E le valutazioni rientrano da sempre nelle capacità razionali di un uomo. Ecco quindi la scoperta: con buona pace degli Stoici di ieri e di oggi, la passione non è fuori o contro la ragione, ma dentro; la ragione è per sua natura (anche) passionale; senza passione non c’è ragione.
Di più: senza passione non c’è nemmeno moralità. Lo abbiamo già visto, citando san Tommaso, ma converrà ribadirlo. Immaginiamo un uomo che osservasse, per esempio, il precetto dell’amore del prossimo senza alcuna passione: sarebbe un robot etico, gentile ma artificiale, una specie di distributore automatico di buone azioni. Accade così in tutti i bacchettoni della morale, i buoni per mestiere e non per passione, i soldatini dell’etica, vuoti di quell’emozione per gli altri che rende autentici i gesti di un uomo.
Infine, senza passione non esiste la politica. Lo abbiamo letto in Tocqueville e lo contempliamo ogni giorno nello spettacolo desolante di una classe politica che pensa perlopiù solo ai propri interessi, ormai del tutto dimentica di ogni passione politica e civile.
 
Perché un dossier?
Si comprendono così i motivi che ci hanno spinto a dedicare il dossier di quest’anno alle passioni umane.
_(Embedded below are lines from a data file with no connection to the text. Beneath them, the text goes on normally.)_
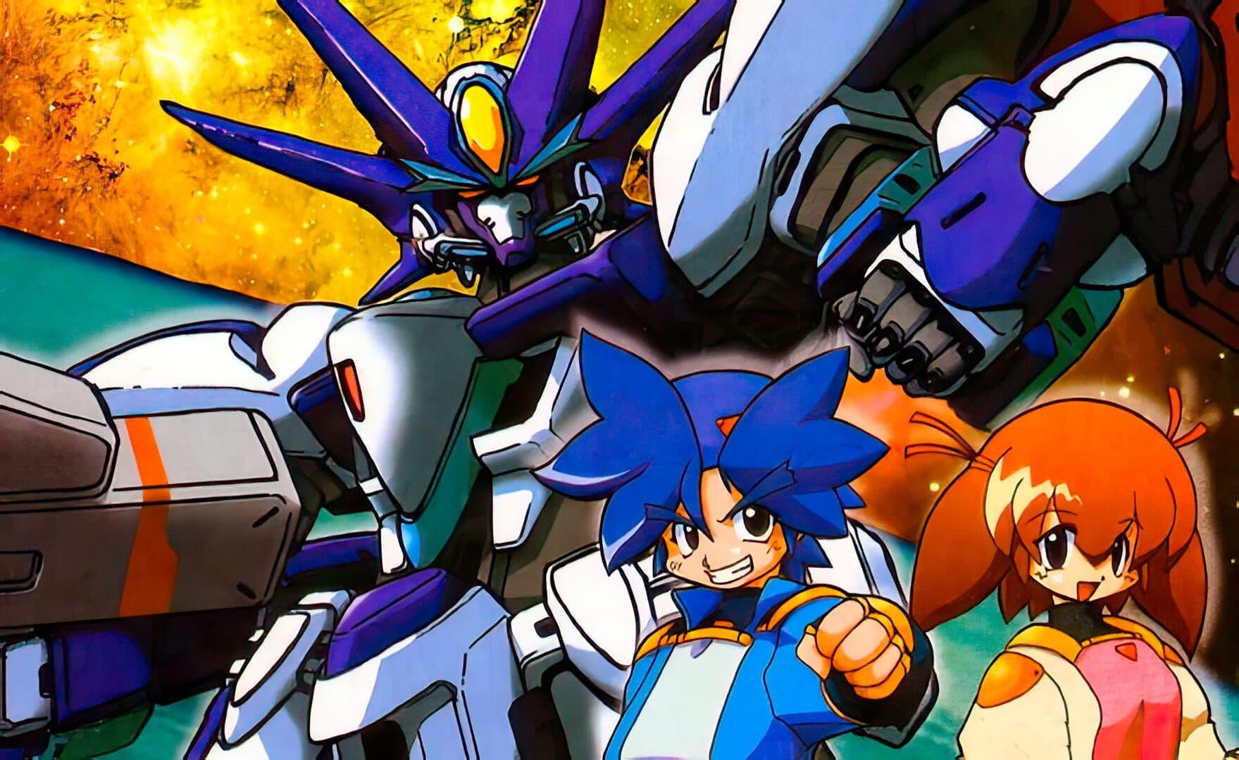 In Bakuretsu Muteki Bangai-O, a multi-directional shooter video game developed by Treasure, two young mech-pilots, Riki and his sister Mami share command of the powerful humanoid-shaped Bangai-O and battle villains from the "Cosmo Gang", guilty of fruit contraband, and lots of gun turrets, bombs and robots through 44 levels.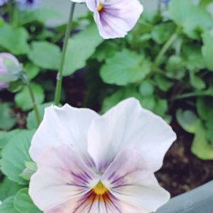 白系のビオラさんかと思ってたら 後日紫色になってました 色の変化が楽しめて毎日わくわくします 🤍💜🌱(◍´꒳`)b🌱💜🤍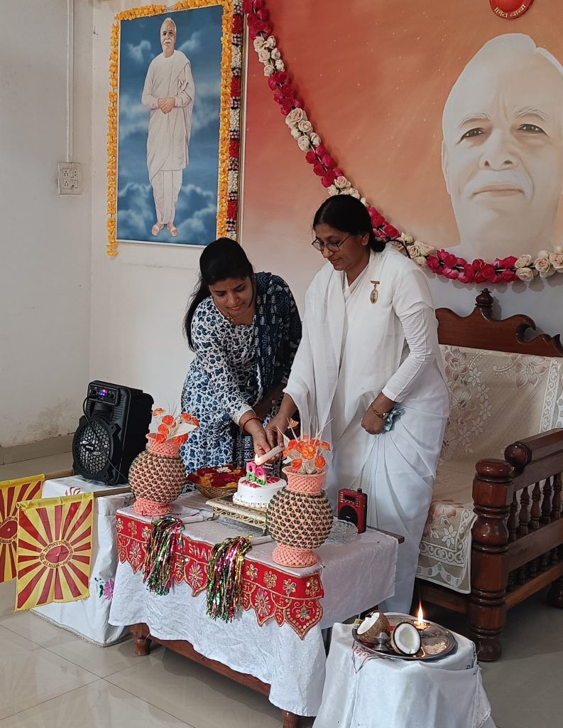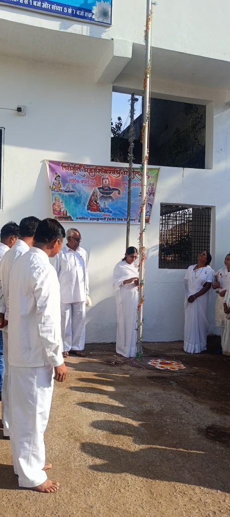 धडगांव, महाराष्ट्र। ब्रह्माकुमारीज़ में आयोजित महाशिवरात्रि महोत्सव में केक काटते और शिव ध्वजा रोहन करते हुए आदिवासी छात्रावास की सुपरिंडेंटेंट श्रीमती राजश्री शहाणे और बी. के. सरिता बहन। इस अवसर पर शिव ध्वजा रोहन के साथ साथ छात्रों ने सर्व धर्म आत्मा का पिता शिव है इस पर लघु नाटिका प्रस्तुत की गई।

A quali in particolare? Tra i tanti elenchi elaborati nella storia del pensiero – quello degli Stoici ne conteneva centotrenta; quello di Avicenna sei; di Giovanni della Rochelle ventiquattro; di Cartesio quarantadue, di Spinoza quarantotto – abbiamo scelto quello di Tommaso d’Aquino, il quale ne prevedeva undici (vedi box).
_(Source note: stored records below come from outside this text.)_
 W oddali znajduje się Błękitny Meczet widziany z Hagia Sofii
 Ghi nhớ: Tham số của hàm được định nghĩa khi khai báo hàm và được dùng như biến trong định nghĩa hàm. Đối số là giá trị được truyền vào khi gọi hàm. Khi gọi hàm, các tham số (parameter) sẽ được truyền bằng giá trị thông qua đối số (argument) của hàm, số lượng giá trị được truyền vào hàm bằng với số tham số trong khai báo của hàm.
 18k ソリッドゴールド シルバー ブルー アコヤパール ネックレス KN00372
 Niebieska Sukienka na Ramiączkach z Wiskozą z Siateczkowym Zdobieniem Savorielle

La nostra speranza è di contribuire un poco a combattere l’odierna tentazione dell’apatia o, con altre parole, dell’ignavia, di dantesca memoria, vizio di coloro, né freddi né caldi, che non sono degni di stare non solo in paradiso ma nemmeno all’inferno, e di cui il poeta scriveva: «Non ragioniam di lor, ma guarda e passa».
 
 
Lo schema
Cominceremo con le cosiddette passioni del concupiscibile, distinte a loro volta in passioni relative al bene – amore (febbraio), desiderio e piacere (marzo) – e passioni relative al male – odio (aprile), ripugnanza e tristezza (maggio) –.
In seguito, dopo l’estate, sarà la volta delle cosiddette passioni dell’irascibile, distinte a loro volta in due categorie: passioni relative a un bene difficile da ottenere – speranza e disperazione (settembre) – e passioni relative a un male difficile da fuggire – timore e audacia, se il male non è stato ancora subìto (ottobre), ira, se il male è già subìto (novembre) –.
Ogni mese sono previsti quattro articoli: un’introduzione generale (Giovanni Ventimiglia); un intervento sulla passione dal punto di vista dell’educazione e comunicazione (Adriano Fabris); una riflessione sulla passione a partire dai testi biblici e dei Padri della Chiesa (Enzo Bianchi); un’analisi della passione dal punto di vista della sua degenerazione patologica (Carlo Calanchini, psichiatra e psicoterapeuta).